A follow-up online course is dedicated to applying structured expert judgment. Learners have the opportunity to perform their own study, under close guidance from Tina Nane and Roger Cooke. The learners will design the study and gather, assess the performance of, and combine, expert opinion. They will also carry out the analysis and report the findings of their study.
Evaluation of the Classical Model
Cooke has collected expert data from many studies over the years to evaluate the Classical Model and compare it with other possible weighting schemes, including equal weighting and quantile aggregation. The Classical Model outperformed the other aggregation methods considered in the analysis. The findings demonstrate the superiority of the Classical Model, both in terms of in-sample and out-of-sample validation and in terms of point forecast accuracy. Moreover, when compared with other aggregation methods, the performance-based combination of experts generated by the Classical Model is more statistically accurate and more informative.
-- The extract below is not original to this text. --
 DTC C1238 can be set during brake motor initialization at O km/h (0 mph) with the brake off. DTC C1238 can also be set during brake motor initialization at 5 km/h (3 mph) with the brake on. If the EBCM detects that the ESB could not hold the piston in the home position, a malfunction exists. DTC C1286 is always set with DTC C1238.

What inspired you to include performance-based weights in the Classical Model?
Expert subjective probabilities began appearing in technical risk analyses of nuclear power plants in the 1970s. The rigorous reporting in these early studies exposed very wide differences in experts’ judgments and teed up issues of validating and synthesising expert judgment. Any new measurement device, such as Galileo’s telescope, is first ‘calibrated’ by applying it to things we know before employing it to measure things we don’t know. Expert judgment constitutes a new measuring device. Applying this simple idea led to treating experts as statistical hypotheses and validating these hypotheses against calibration variables from their field to which the true values were known.